I DID IT WITH MY SOCKS ON!
I'm a gentlemen, chivalry is what i do, i'll open the door, pull out your chair, buy your drinks, i'll even go down first, but when it comes to mario kart, i draw the line. I'm sorry but i just can't let you beat me at mario kart
we're at Rob's house and just invented the best drinking game ever....we are on Chatroulette and everytime we see a dick we all have to drink.
Her husband keeps getting drunk and making out with me. Good news is I found the strep carrier. Bad news is have strep again.
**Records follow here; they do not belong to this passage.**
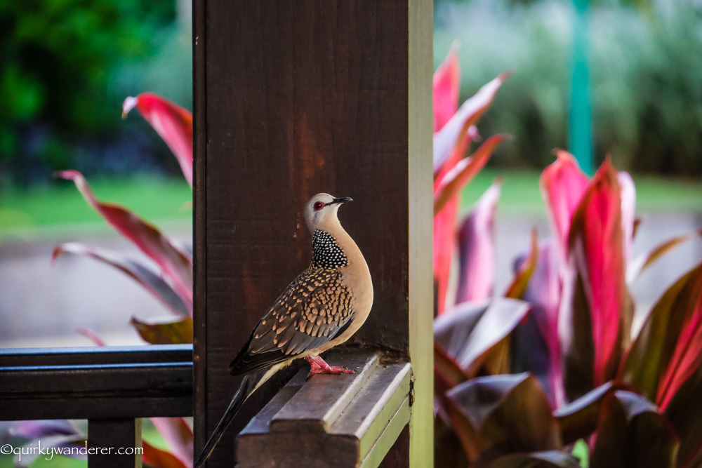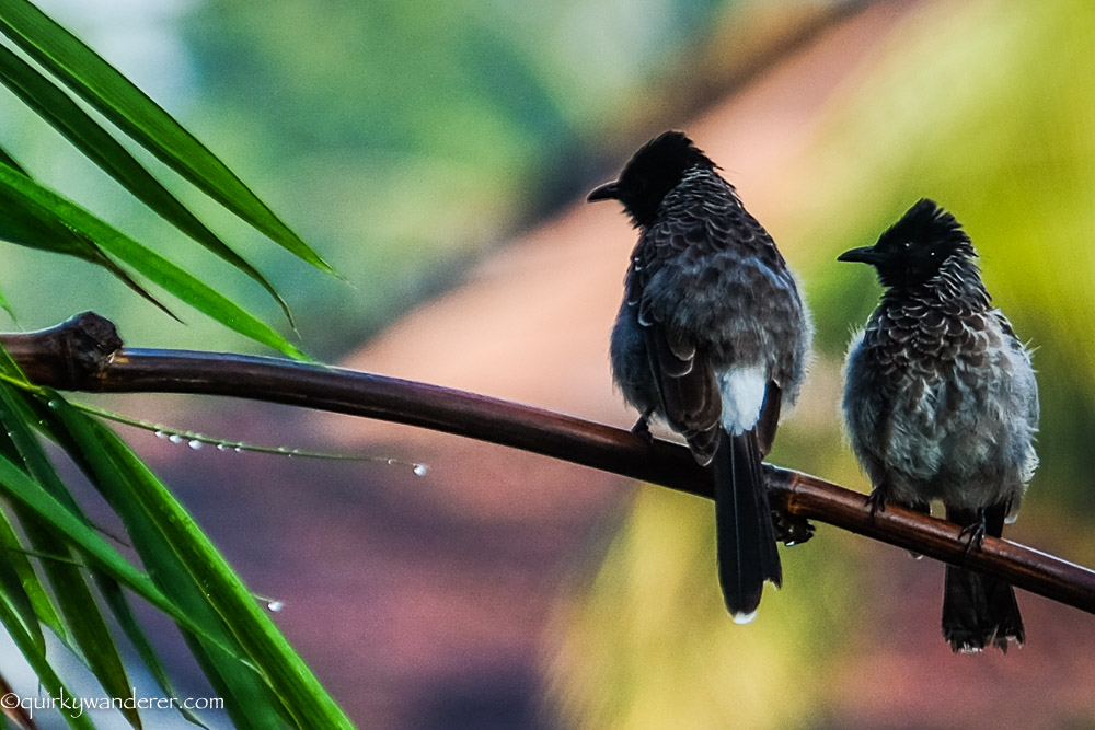 The more daring Spotted Dove sat on the wooden railings of the balconies, peering inquisitively at my camera. The nosy Red-vented bulbuls rummaged for bits of leftover food and then happily perched themselves atop a tree.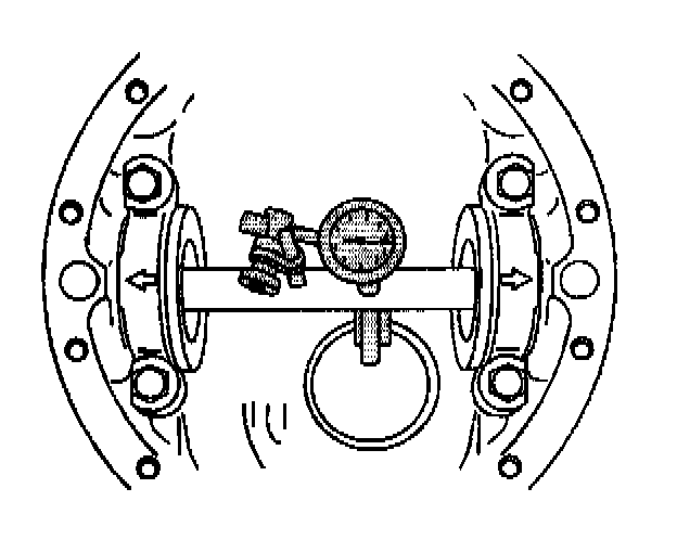 Example: If the indicator needle moved counterclockwise 1.70 mm (0.067 inch) to a dial reading of 0.84 mm (0.033 inch), record the dial reading of 0.84 mm (0.033 inch). Do not record the reading of 1.70 mm (0.067 inch). The dial indicator should be within the 0.50 - 1.27 mm (0.020 - 0.050 inch) range.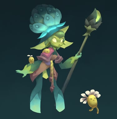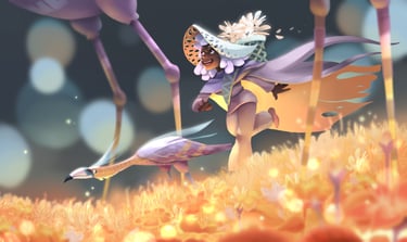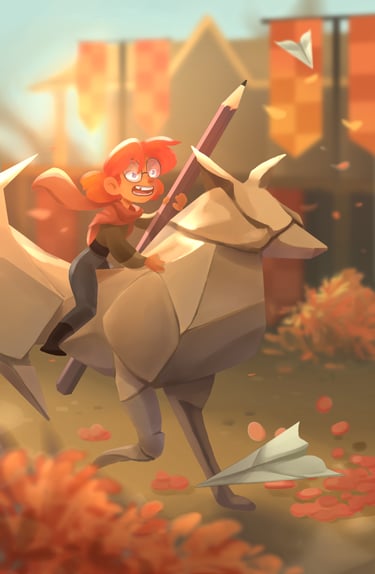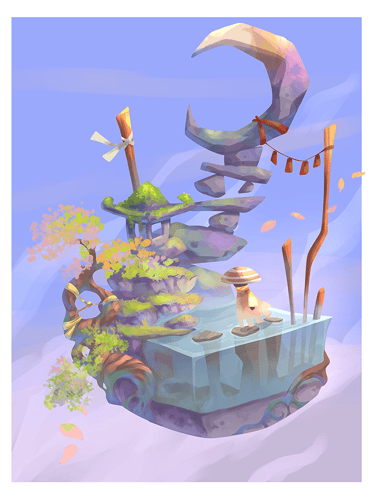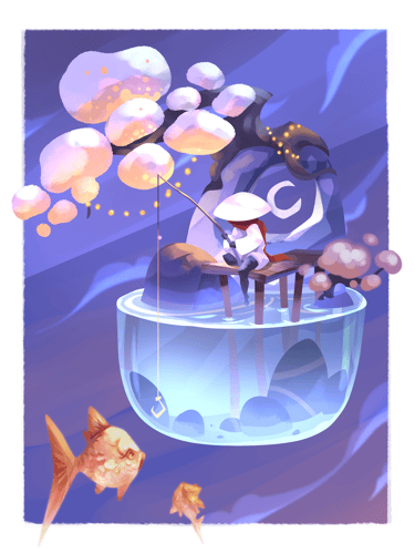 I like to tickle the viewer's curiosity, either by using a unique colour palette, by adding a mysterious character in a odd place, or by creating a place in-between worlds.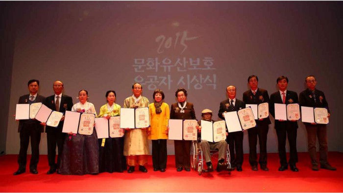 문화재청은 9월부터 접수된 추천 후보자에 대한 경력조회, 외부 전문가로 구성된 심사위원회의 평가 등의 절차를 거쳐 최종 후보자를 선정한다. 이어 일반 국민을 대상으로 한 공개 검증을 거친 뒤 12월8일 시상식을 개최할 예정이다.2015년도 문화유산보호 유공자 시상식 모습. <사진제공=문화재청>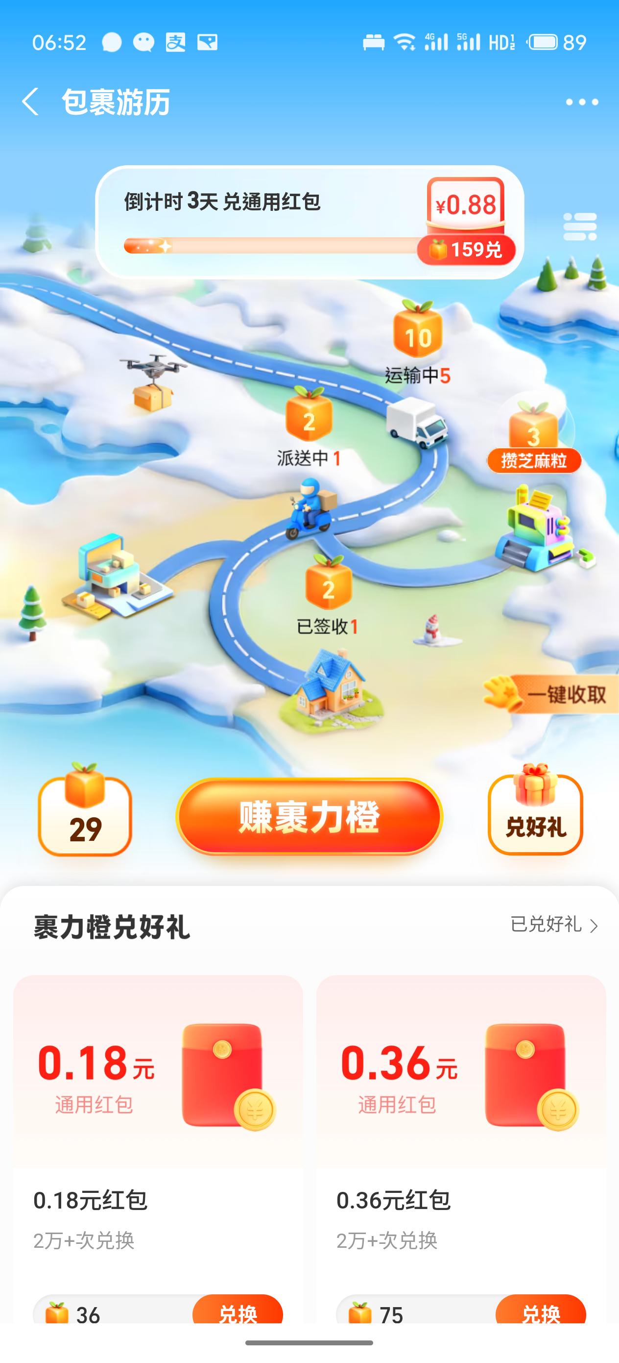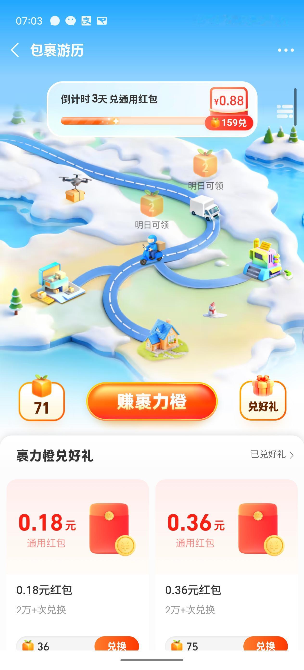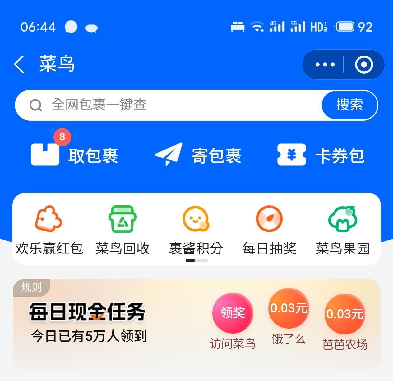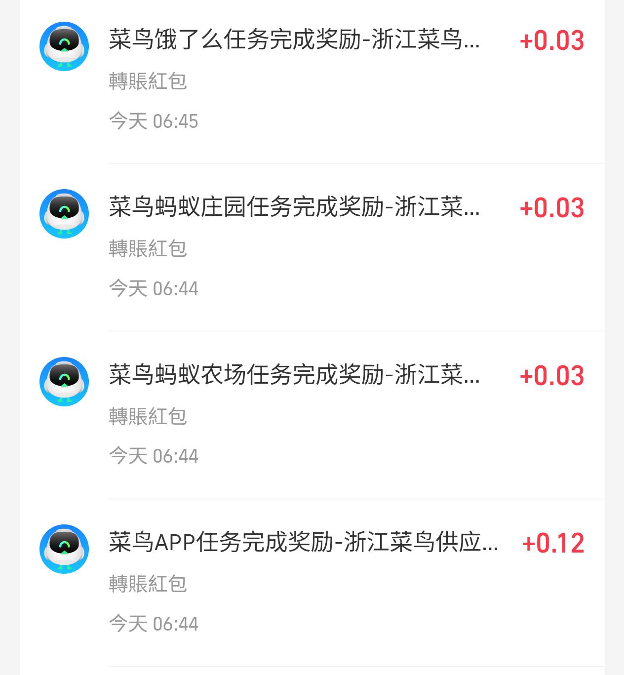 06:44起床后开始到07:03 可以收货 菜鸟的0.12+0.03+0.03+0.03=0.21 一淘的0.03+0.01+0.05=0.09 再加上我的快递的包裹历程,攒一攒再兑换吧 然后7点后可以天猫APP的签到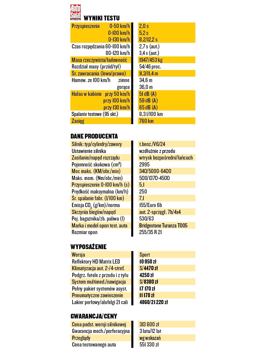 Za enigmatycznym oznaczeniem kryje się 340-konne, 3-litrowe benzynowe V6, które zachwyca niezwykle cichą i spokojną pracą. Już od 1370 obr./min jest dostępny maksymalny moment 500 Nm, jego „fala” ciągnie się aż do 4500 obr. Natomiast maksymalna moc rozciąga się w przedziale 5000-6400.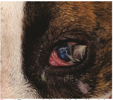 Removal of the dermoid was by surgical removal. The incision was made around the periphery of the dermoid, starting at the limit of the lateral palpebral conjunctiva, and towards the bulbar conjunctiva near the corneascleral limbus.2 The excision was continued bordering the dermoid from lateral to medial with a linear incision with the help of a curved mosquito hemostat, to achieve complete excision of the dermoid. On the other hand, it was observed that it invaded the stromal layer of the cornea and encompassed the limbus of the cornea and the sclera. All dermoid tissue was removed. LaterThis was followed by closure with a discontinuous 4-point suture. With absorbable 6-0 polyglycolic acid thread. For good post-operative management, an Elizabethan collar was put on to prevent the dog from contacting the eye (Figure 3).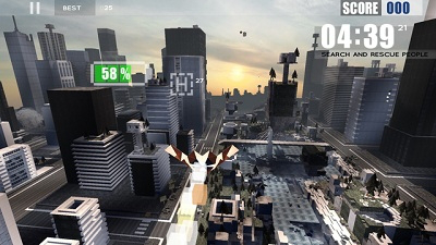 在游戏中,玩家们将扮演一架救援机的驾驶员,在末日来临之前尽可能的拯救散失在城市中的居民,不过燃料之足够坚持五分钟,所以玩家们在五分钟中快速寻找到居民,并拯救他们。游戏的整体玩法流程很简单明了,但是在操作方面却并不是那么简单,玩家要左右开弓,左手控制飞机的引擎,右手控制方向,在救援的同时也要回避各种复杂的建筑,要做到这个基础上才可以顺利拯救到民众,否则只是白费力气。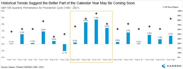 Although the size of the drop in stocks and bonds is surprising, to see some weakness this year wasn’t overly surprising. Some of the worst quarters of the four-year cycle took place during this year. The second year (so this year) under a new President tends to be quite weak as well. The good news is how well stocks historically do the following year under a new President.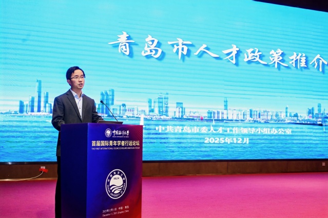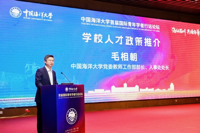 青岛市人才发展促进中心副主任严立洪作青岛市人才政策推介,向参会学者们系统介绍了青岛市最新人才政策。中国海洋大学党委教师工作部部长、人事处处长毛相朝作学校人才政策推介,从人才引育体系、人才晋升与成长通道、支持保障等方面系统解读了学校的人才引进政策和人才发展环境。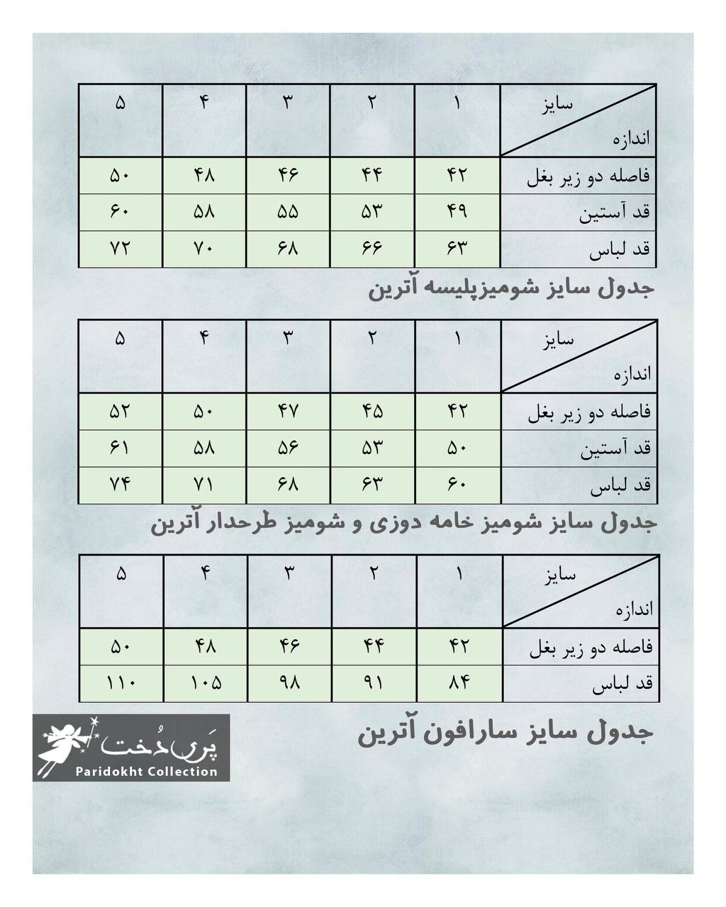(برای اندازه گیری فاصله دو زیربغل را از روی لباسی که مناسبه مثل شومیز یا مانتو اندازه بزنید و با جدول سایز درج شده در تصاویر چک کنید)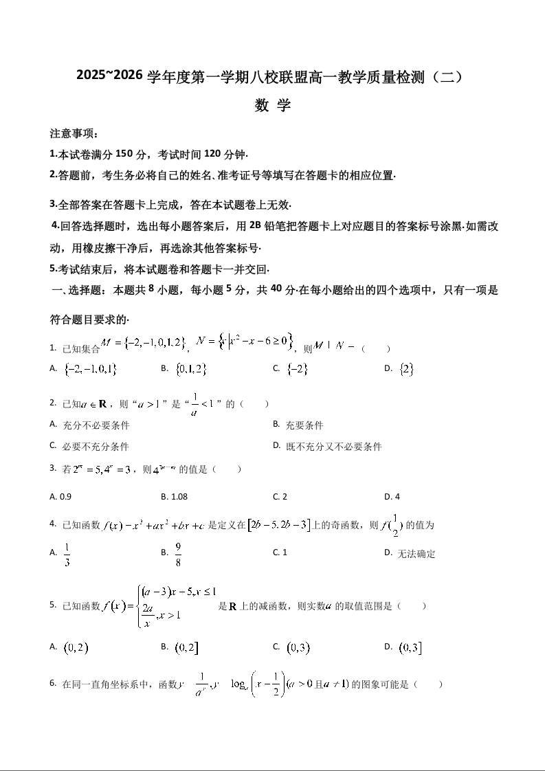 广东省八校联盟2025-2026学年高一上学期教学质量检测(二)数学试题(含答案).docx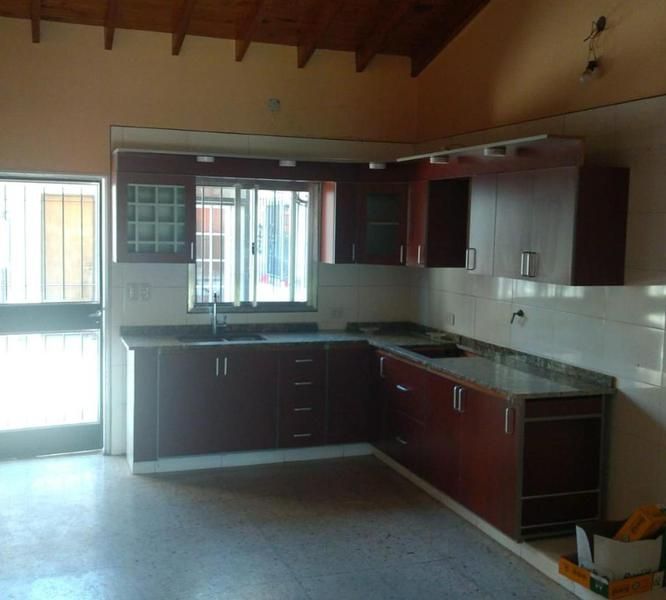 Recibidor, cocina comedor muy amplia amoblada con bajo mesada y alacenas , dormitorio principal con placard empotrado, baño completo, garage a continuación de quincho ( con opción de unificar el ambiente logrando 3,5 m x 12 m aproximadamente), patio y al fondo un dormitorio con baño, lavadero y terraza.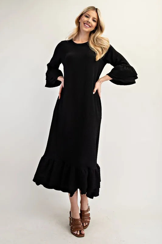 Celeste Full Size Textured Ruffle Hem Modest Dress Plus Size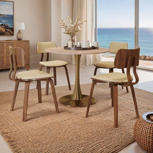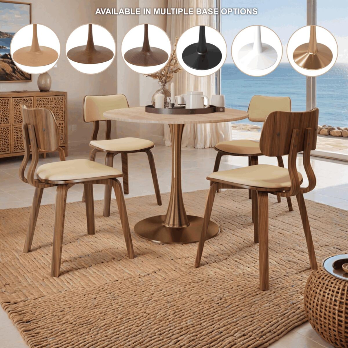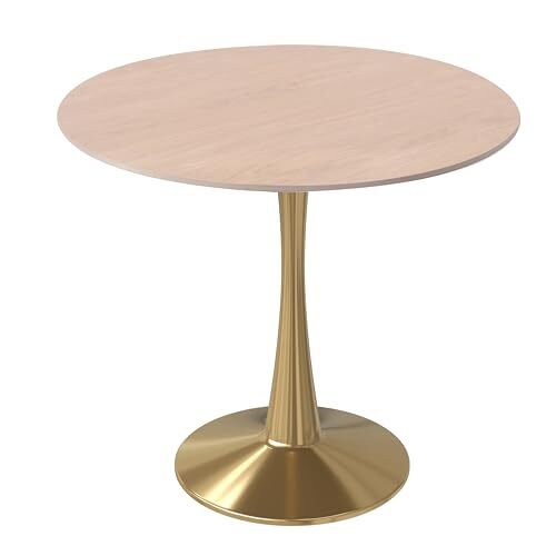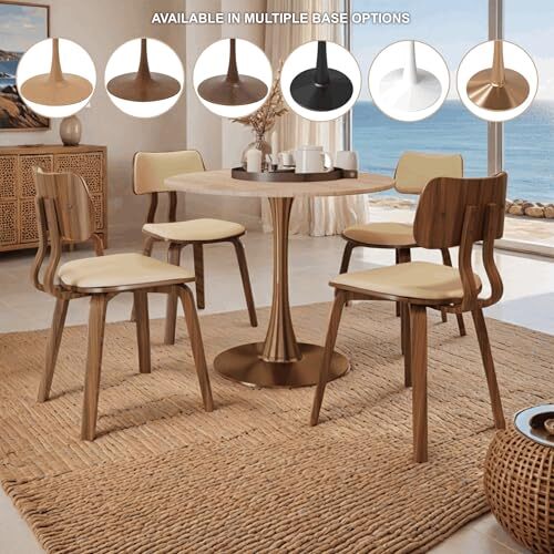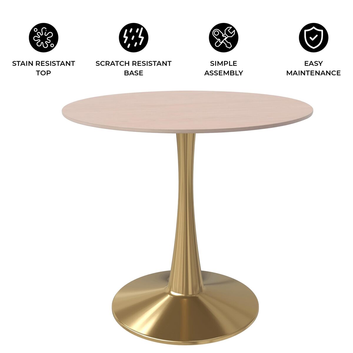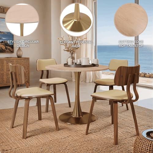 Bullet point: MINIMALIST DESIGN: Offering a minimalist design, the round tabletop encourages an inclusive dining atmosphere conducive to easy conversation. The base featuring a single pedestal, offers a clean and understated appearance, optimizing legroom and seating flexibility.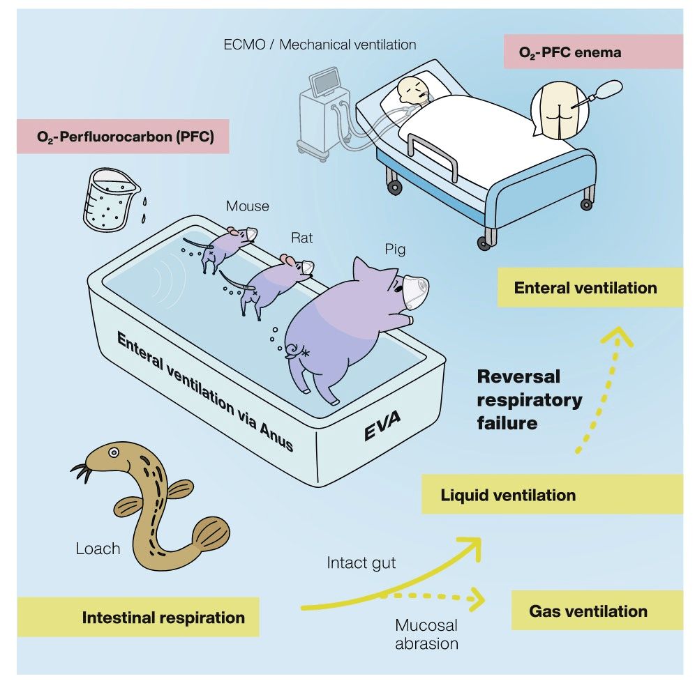 Los investigadores mencionan: «El enfoque de prueba de principio de EVA es eficaz para proporcionar [oxígeno] y aliviar los síntomas de insuficiencia respiratoria en dos sistemas modelo de mamíferos»; Aquellos animales no experimentaron efectos secundarios aparentes por el tratamiento poco ortodoxo.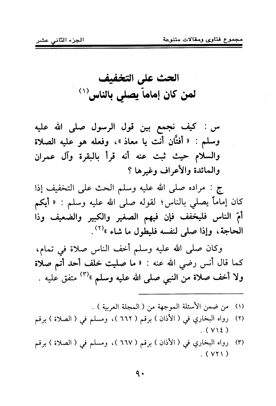 س: كيف نجمع بين قول الرسول صلى الله عليه وسلم: «أفتان أنت يا معاذ (¬2) » وفعله هو عليه الصلاة والسلام حيث ثبت عنه أنه قرأ بالبقرة وآل عمران والمائدة والأعراف وغيرها؟

Woke up in a wet suit with my junk cut out. In a strange apartment. Just found thing biggest bong u have ever seen. WHERE ARE YOU?!?!?!
If it makes you feel any better, karma just served me up a big dose of fuck you.
There's a homeless man outside the bar. I have a toothbrush and toothpaste in my car. I think i'm going to give them to him. And they said drinking is bad.
You're so thoughtful.
The pastor just stopped the sermon to lay hands on me. THAT hungover.
I have a cat, a bottle of wine, and a Brazilian man. I need to catch you up on my life
Sometimes I envy you, when I'm not praying for your soul.
my paper on vitamins just turned into a 2 hour tangent google search on what i should buy to best cure a hangover. I need to stop getting high before homework
the amount of times i have been intoxicated, barefoot, and in a robe at 3 am at the quick check by your house is impressive, especially since i live an hour away
Dude, we got to the strip club as they were closing, and you starting crying because, and I quote, "This is the closest to birthday sex I'm gonna get."
Why are there four guys spooning on the living room floor?
They're still there? Shit. They were supposed to leave after they hugged it out.
Is it bad that I'm not at all bothered by the fact that to some people I'm simply known as the girl that takes her shirt off?